Jian Zhang

AI Software Engineering Manager
Intel Corporation

Artificial intelligence (AI) has revolutionized virtually every industry from healthcare, retail, manufacturing, etc. However, most of today’s AI solutions are expensive and limited to a small set of data scientists. This is due to multiple factors. First, modern end-to-end AI pipelines are complex. They require multiple stages like data processing, feature engineering, model development, model deployment, and maintenance. The iterative nature of these stages makes the process time consuming. Second, deep expertise is often required to develop AI solutions. This creates an entry barrier for novice and citizen data scientists. Third, people tend to develop larger and deeper models to get better accuracy. These “over-parameterized” models lead to significant computational demands, which hinders deployment in resource-constrained environments.

We developed Intel® End-to-End AI Optimization Kit to make the end-to-end AI pipeline faster, simpler, and more accessible, broadening AI access to everyone, everywhere. It is a composable toolkit for end-to-end AI optimization to deliver high performance, lightweight models efficiently on commodity hardware. The toolkit is built on a set of Intel-optimized frameworks, such as Intel® Extension for PyTorch* (IPEX), Intel® Extension for TensorFlow* (ITEX), and Intel® AI Analytics Toolkit (AI Kit). It also integrates SigOpt for hyperparameter optimization. Intel End-to-End AI Optimization Kit also provides unique components and features for data preparation, model optimization, and model construction.

It improves the scale-up and scale-out efficiency of end-to-end AI pipelines to make "overnight training" for complex deep learning (DL) models possible. It delivers lighter DL models that have higher inference throughput lower resource requirements. It also makes end-to-end AI simpler. It automates the pipeline with click-to-run workflows and SigOpt AutoML, abstracts the complex APIs for data processing and feature engineering, simplifies distributed training, and can be easily integrated with existing or third-party machine learning (ML) solutions or platforms. It brings complex, compute-intensive deep learning models to commodity hardware, delivers built-in optimized models through parameterized models generated by smart democratization advisor (SDA), and domain-specific compact neural networks constructed with neural architecture search (NAS) technology. All of this makes AI more accessible to citizen data scientists.

Architecture

Popular models (e.g., RecSys, CV, NLP, ASR, and RL) from various domains are the input to Intel End-to-End AI Optimization Kit (Figure 1). These stock models are heavy, slow to train, and complex to tune and optimize. Depending on model type, Intel End-to-End AI Optimization Kit will optimize the models with either model advisor or neural network constructor. The expected outputs are optimized models that require only one-tenth the FLOPS (Floating-point Operations Per Second) and training time of the stock model with the same or minimal loss of accuracy.

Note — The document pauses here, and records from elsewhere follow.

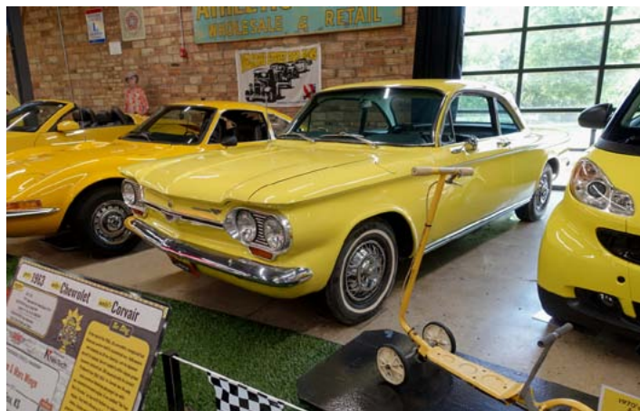
This quarter's theme at The Garage museum in Salina is Yellow cars, including one 1964 Corvair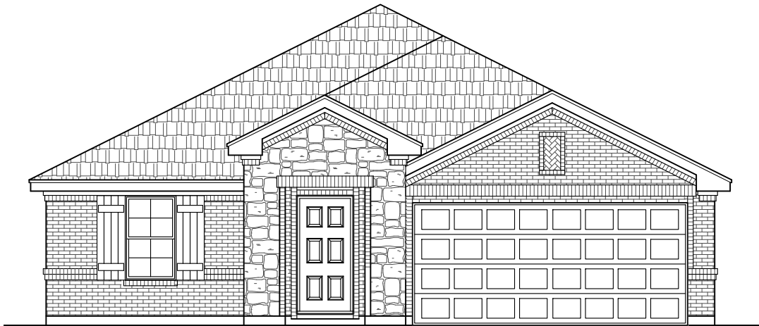
Elevation B (Opt. Stone &amp; Shutters shown)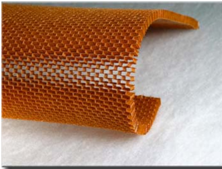
1/4" Thick Flexible Cell

In the flexible cell Nomex Honeycomb, the cell shape is rectangular, thereby allowing the core to flex in one direction easily. It is ideally suited for structures having tight radius curves. It can be rolled for shipping. The cell size is 3/16” and the density is 1.8 PCF.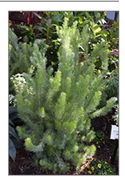
Coastal Wooly Bush

Coastal Wooly Bush is recommended for the following landscape applications;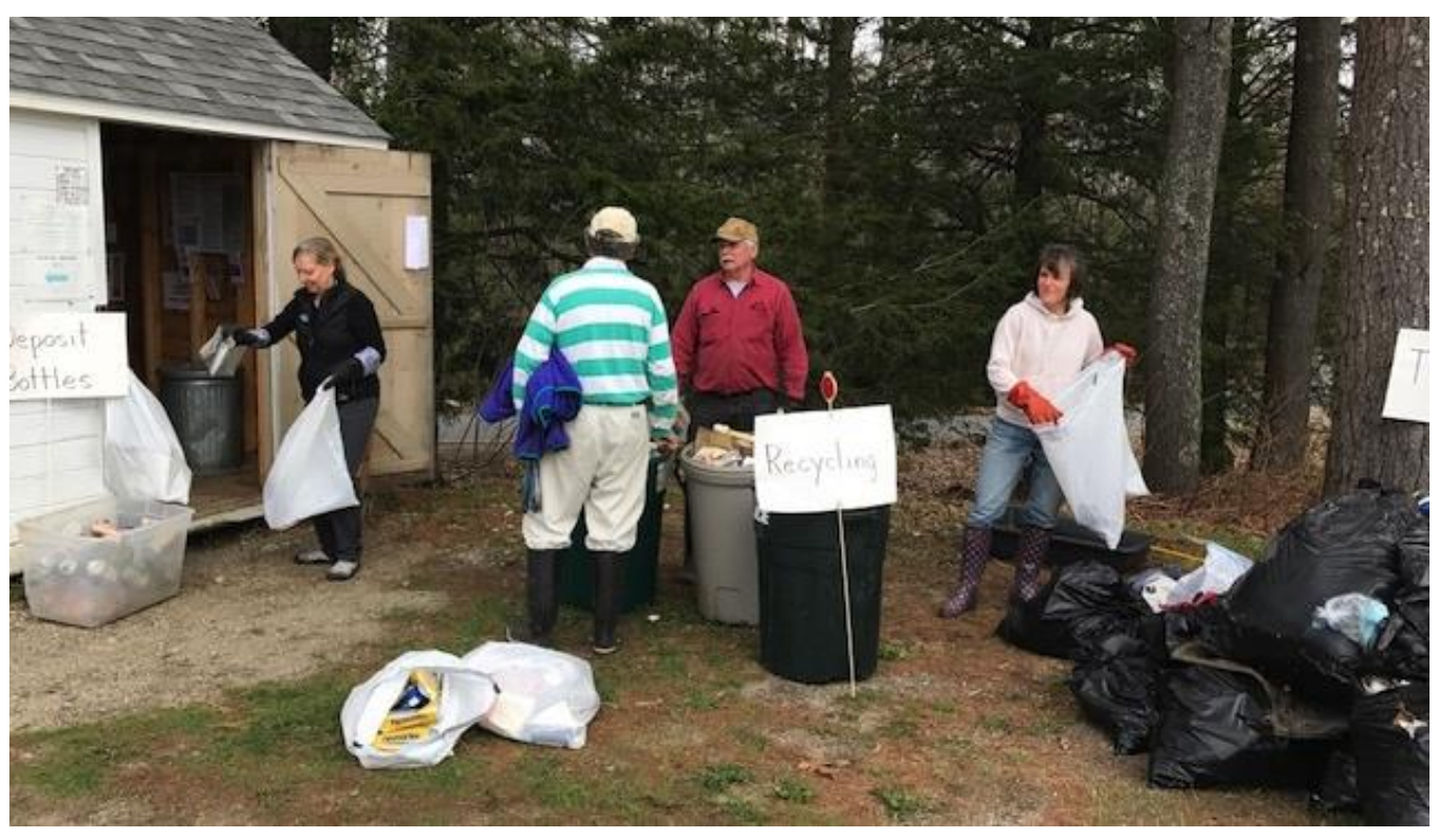
Members of the Annual Roadside Cleanup crew separating recyclable materials from everything collected. The Conservation Commission and Recycling/Solid Waste Committee thank the more than 30 intrepid volunteers for their participation.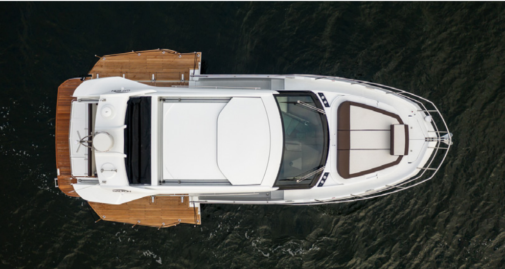
The single pane windshield and large sweeping windows provide awe inspiring views from the saloon and galley as well as providing 360-degree sight-lines from the helm.

Note: Layout and features may vary from shown here due to manufacturer consideration and client customization.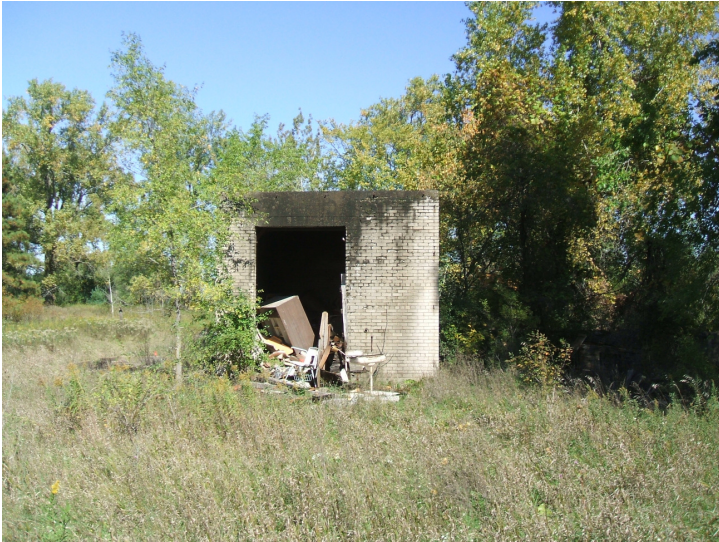
9/24/06: view facing north of a portion of the building remnant.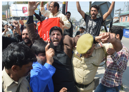
Maisuma, Kothibagh, Sherghari, Kralkhud, Batamalo and Ram Munishi Bagh police ▶ See Normal ...Pg 02

The restrictions had been placed mostly in some areas of Shaheed Gunj, Karan Nagar,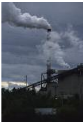
Air emissions contribute to water pollution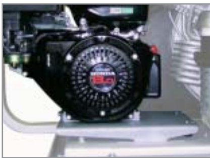
vibration reducing motor rocker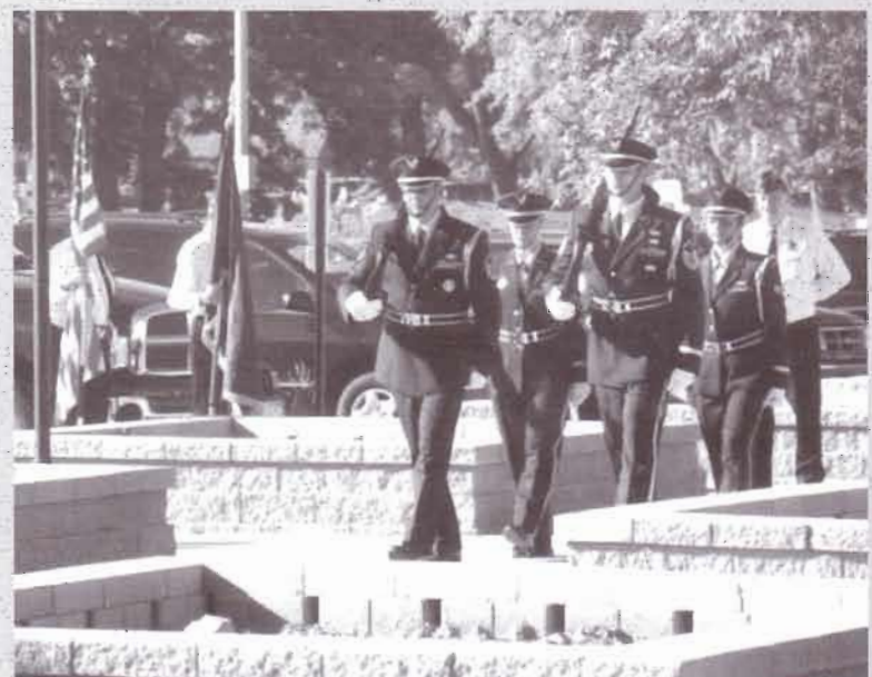
Honor Guard performed at Sept. 11 memorial.

of food in the receiving line, from kabobs to fajitas. The dining facility displayed excellent customer service and did an outstanding job of promoting morale among the troops.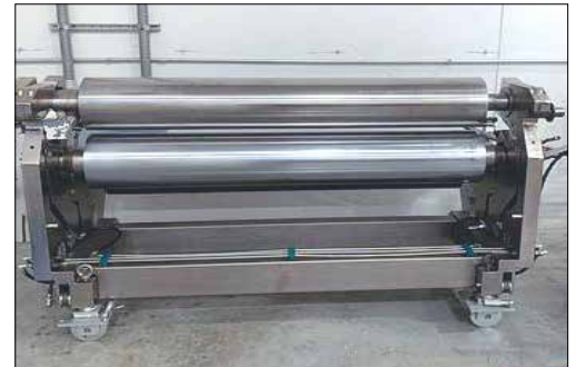
Five Roll Coater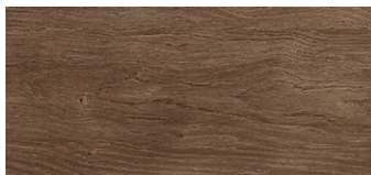
VP220_C12G / VPWP220_C12G Churchill

Figure 1. Architecture and workflow of Intel® End-to-End AI Optimization Kit

RecDP

RecDP is a parallel data processing and feature engineering library built on PySpark* and extensible to other data processing tools like Modin*. Its key features and functions are as follows:

A tabular dataset processing toolkit
Abstract APIs to hide Spark* programming complexity
Optimized performance through adaptive query plan and strategy
Support for common feature engineering functions like target and count encoding
Easy integration into third-party solutions

RecDP uses "lazy execution" for better performance. It fuses operators and leverages the collection of data statistics to avoid unnecessary passes through the dataset, which is critical when handling large datasets. RecDP can also leverage the native columnar SQL engine capabilities provided by Optimized Analytics Package for Spark* platform to improve performance.

Smart Democratization Advisor (SDA)

SDA is a user-guided tool to facilitate automation. It provides built-in intelligence through parameterized models and leverages SigOpt for hyperparameter optimization (HPO) and built-in optimized models (e.g., RecSys, CV, NLP, ASR, and RL). It also converts manual model tuning and optimization to asssit AutoML and AutoHPO.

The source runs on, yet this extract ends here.